*What to do:* Output each record exactly, excluding pictures.

*Data extract:*
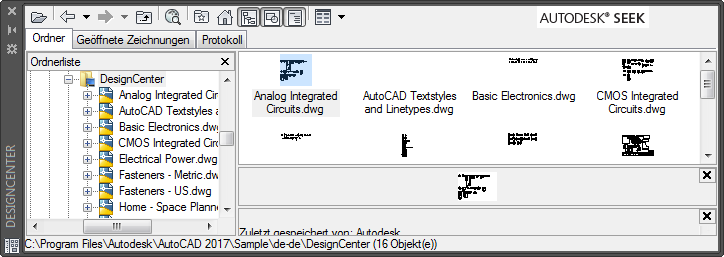 Verwenden Sie die Strukturansicht auf der linken Seite, um die Inhaltsquellen zu durchsuchen und den Inhalt im Inhaltsbereich auf der rechten Seite anzuzeigen. Im Inhaltsbereich können Sie einer Zeichnung oder einer Werkzeugpalette Elemente hinzuzufügen. Für ausgewählte Zeichnungen, Blöcke, Schraffuren oder XRefs wird eine Vorschau oder Beschreibung angezeigt.
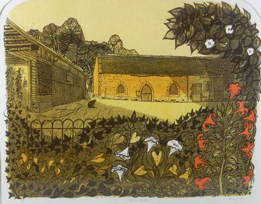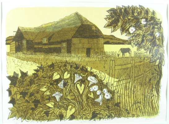 Plate size: 46cm x 63cm (18in x 25in) and another two by the same hand ‘Tithe, Barn and Lilies’, ‘Tithe Barn and Flowers’ (3)
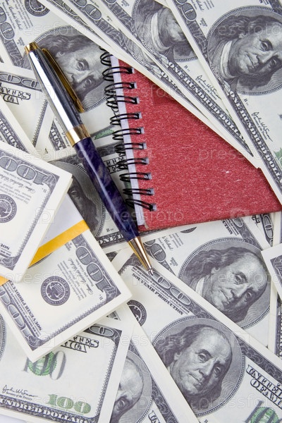 Блокнот и ручка на долларах
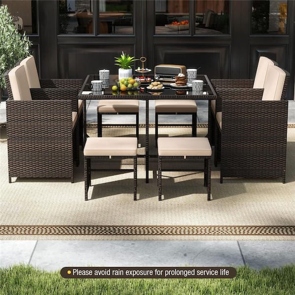 9-Piece Wicker Outdoor Dining Set with Tempered Glass Table and Ottoman Beige Removable Cushions
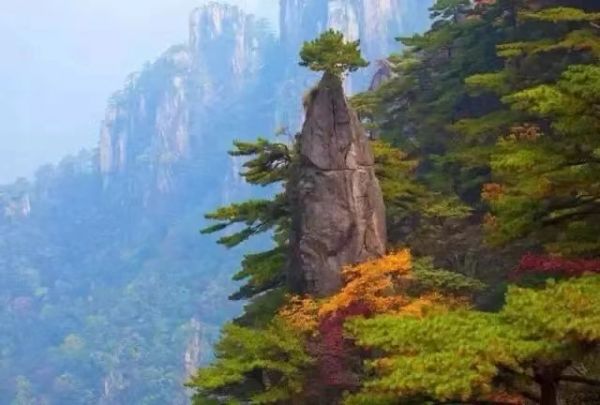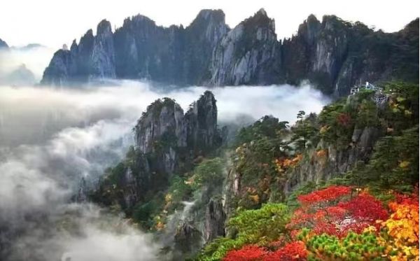 黃山“黃山歸來(lái)不看岳”,這是吸引眾多游客登黃山賞美景的一大理由。這個(gè)季節(jié),如畫的秋色為黃山平添了幾份秀美。黃山的秋天來(lái)得早,到了10月,黃山的月平均氣溫只有11.7℃。黃山的秋季,別有種種勝景,明代大旅行家徐霞客曾贊美黃山秋色“楓林相間,五色紛披,燦若圖繡”。仰望天空,黃山的天湛藍(lán)如洗,入了秋更顯得高遠(yuǎn),空曠無(wú)邊、萬(wàn)里無(wú)云,更無(wú)一絲雜質(zhì),像一塊覆蓋大地的藍(lán)寶石。秋用赤、橙、黃、綠、青、藍(lán)、紫七色神筆把黃山描繪得色彩斑斕,濃墨重彩地勾勒燦若圖繡的世界,遠(yuǎn)峰近松,到處充滿了秋色的誘惑,讓人難以抗拒。
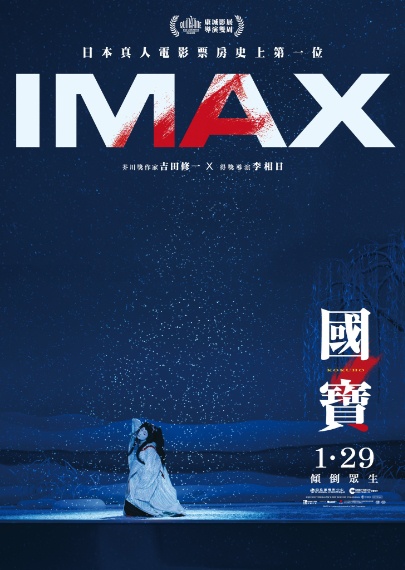 安樂發行、李相日執導,吉澤亮、橫濱流星、渡邊謙及高畑充希主演,以歌舞伎為主題的日本電影《國寶》自十一月十三日在香港上映以來,無論是市場表現或是口碑上均相當理想。而近期《國寶》推出IMAX版本,香港方面亦將會上映該版本。
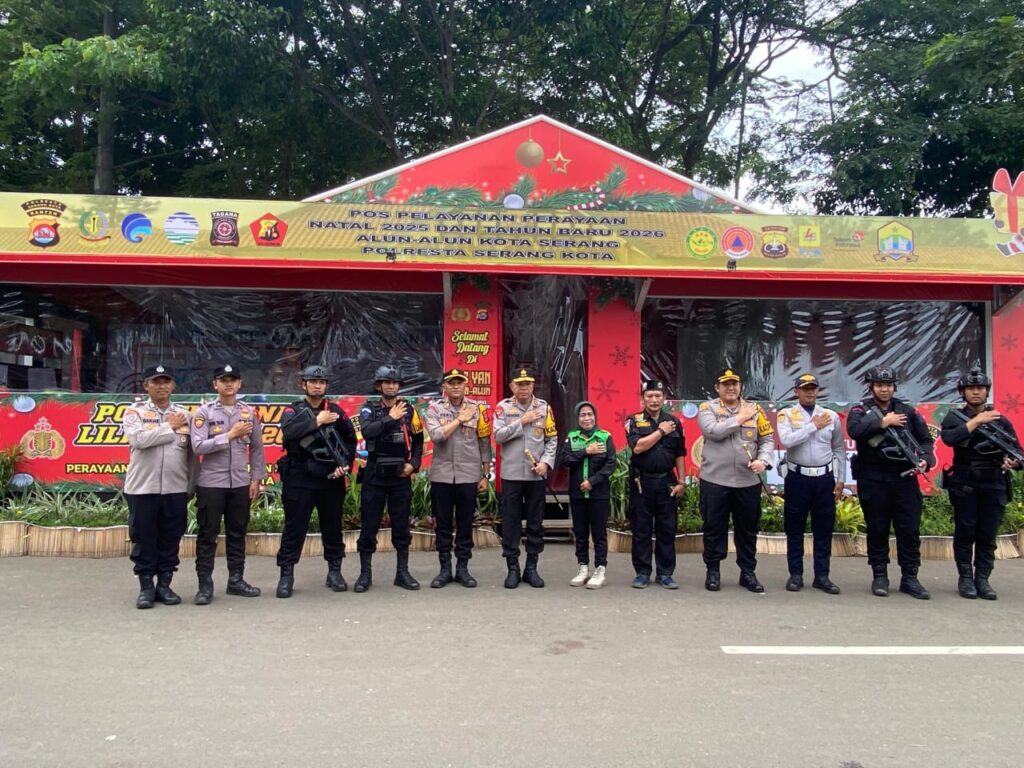 Pos Pengamanan dan Pelayanan (Posyan) Alun-Alun Kota Serang menerima kunjungan sekaligus pengecekan dari Kapolda Banten Irjen Pol. Hengki, S.I.K., M.H. bersama Kaporesta Serang Kota Kombes Pol. Yudha Satria, S.H., S.I.K., M.H. Pada Selasa, (23/12/2025).
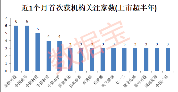 其中,5股获5家以上机构扎堆关注,去年12月份上市的邮储银行获10家机构首次关注,其中浙商证券及中信证券给出了7元以上的目标价;晶澳科技获6家机构扎堆关注,安信证券和东北证券分别给出了15.6元和16元的目标价,公司最新收盘价13.39元。上市半年以上,且获得3家以上机构推荐个股共计15只,除晶澳科技外,中简科技、宇信科技、中信出版3股均获得4家以上机构首次关注。
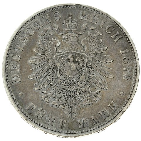 Tyskland - Hessen - 5 Mark 1876 - H - Ludwig III - sølv - KM# 353
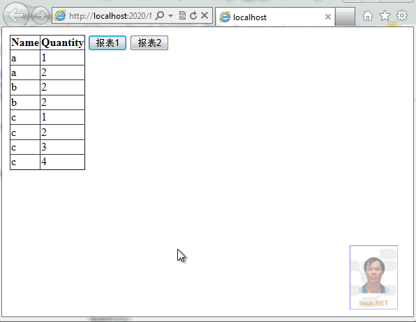 接下來,完成第二個報(bào)表,在Insus.NET使用Repeater包含Repeater來實(shí)現(xiàn)。因此,前臺Html代碼如下,其中第一個Repeate內(nèi)放置了一個HiddenField,來存儲名稱(Name)字段,當(dāng)作子Repeater的參考傳入。
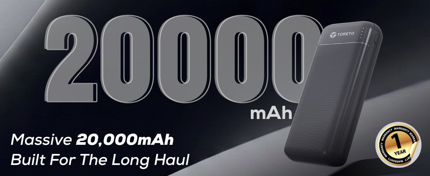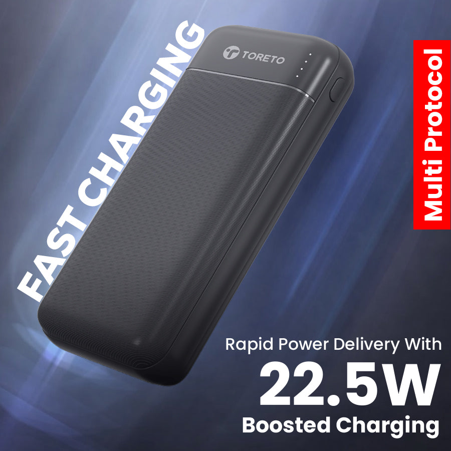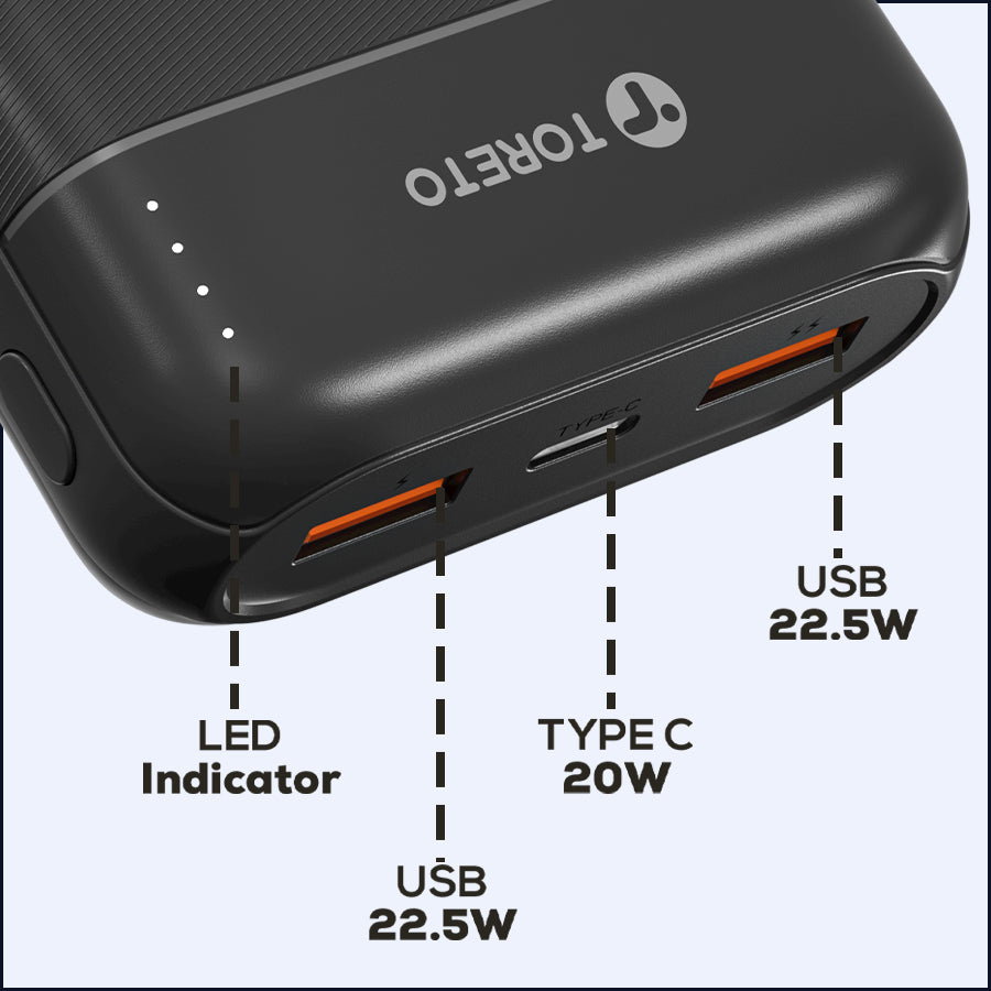 Portable 20,000mAh powerbank with 22.5W high-speed output, multi-protocol fast charging support, built-in Type-C cable, LED battery indicator, and dependable power backup for extended daily use.

*Answer area:*
 Verwenden Sie die Strukturansicht auf der linken Seite, um die Inhaltsquellen zu durchsuchen und den Inhalt im Inhaltsbereich auf der rechten Seite anzuzeigen. Im Inhaltsbereich können Sie einer Zeichnung oder einer Werkzeugpalette Elemente hinzuzufügen. Für ausgewählte Zeichnungen, Blöcke, Schraffuren oder XRefs wird eine Vorschau oder Beschreibung angezeigt.
 Plate size: 46cm x 63cm (18in x 25in) and another two by the same hand ‘Tithe, Barn and Lilies’, ‘Tithe Barn and Flowers’ (3)
 Блокнот и ручка на долларах
 9-Piece Wicker Outdoor Dining Set with Tempered Glass Table and Ottoman Beige Removable Cushions
 黃山“黃山歸來(lái)不看岳”,這是吸引眾多游客登黃山賞美景的一大理由。這個(gè)季節(jié),如畫的秋色為黃山平添了幾份秀美。黃山的秋天來(lái)得早,到了10月,黃山的月平均氣溫只有11.7℃。黃山的秋季,別有種種勝景,明代大旅行家徐霞客曾贊美黃山秋色“楓林相間,五色紛披,燦若圖繡”。仰望天空,黃山的天湛藍(lán)如洗,入了秋更顯得高遠(yuǎn),空曠無(wú)邊、萬(wàn)里無(wú)云,更無(wú)一絲雜質(zhì),像一塊覆蓋大地的藍(lán)寶石。秋用赤、橙、黃、綠、青、藍(lán)、紫七色神筆把黃山描繪得色彩斑斕,濃墨重彩地勾勒燦若圖繡的世界,遠(yuǎn)峰近松,到處充滿了秋色的誘惑,讓人難以抗拒。
 安樂發行、李相日執導,吉澤亮、橫濱流星、渡邊謙及高畑充希主演,以歌舞伎為主題的日本電影《國寶》自十一月十三日在香港上映以來,無論是市場表現或是口碑上均相當理想。而近期《國寶》推出IMAX版本,香港方面亦將會上映該版本。
 Pos Pengamanan dan Pelayanan (Posyan) Alun-Alun Kota Serang menerima kunjungan sekaligus pengecekan dari Kapolda Banten Irjen Pol. Hengki, S.I.K., M.H. bersama Kaporesta Serang Kota Kombes Pol. Yudha Satria, S.H., S.I.K., M.H. Pada Selasa, (23/12/2025).
 其中,5股获5家以上机构扎堆关注,去年12月份上市的邮储银行获10家机构首次关注,其中浙商证券及中信证券给出了7元以上的目标价;晶澳科技获6家机构扎堆关注,安信证券和东北证券分别给出了15.6元和16元的目标价,公司最新收盘价13.39元。上市半年以上,且获得3家以上机构推荐个股共计15只,除晶澳科技外,中简科技、宇信科技、中信出版3股均获得4家以上机构首次关注。
 Tyskland - Hessen - 5 Mark 1876 - H - Ludwig III - sølv - KM# 353
 接下來,完成第二個報(bào)表,在Insus.NET使用Repeater包含Repeater來實(shí)現(xiàn)。因此,前臺Html代碼如下,其中第一個Repeate內(nèi)放置了一個HiddenField,來存儲名稱(Name)字段,當(dāng)作子Repeater的參考傳入。
 Portable 20,000mAh powerbank with 22.5W high-speed output, multi-protocol fast charging support, built-in Type-C cable, LED battery indicator, and dependable power backup for extended daily use.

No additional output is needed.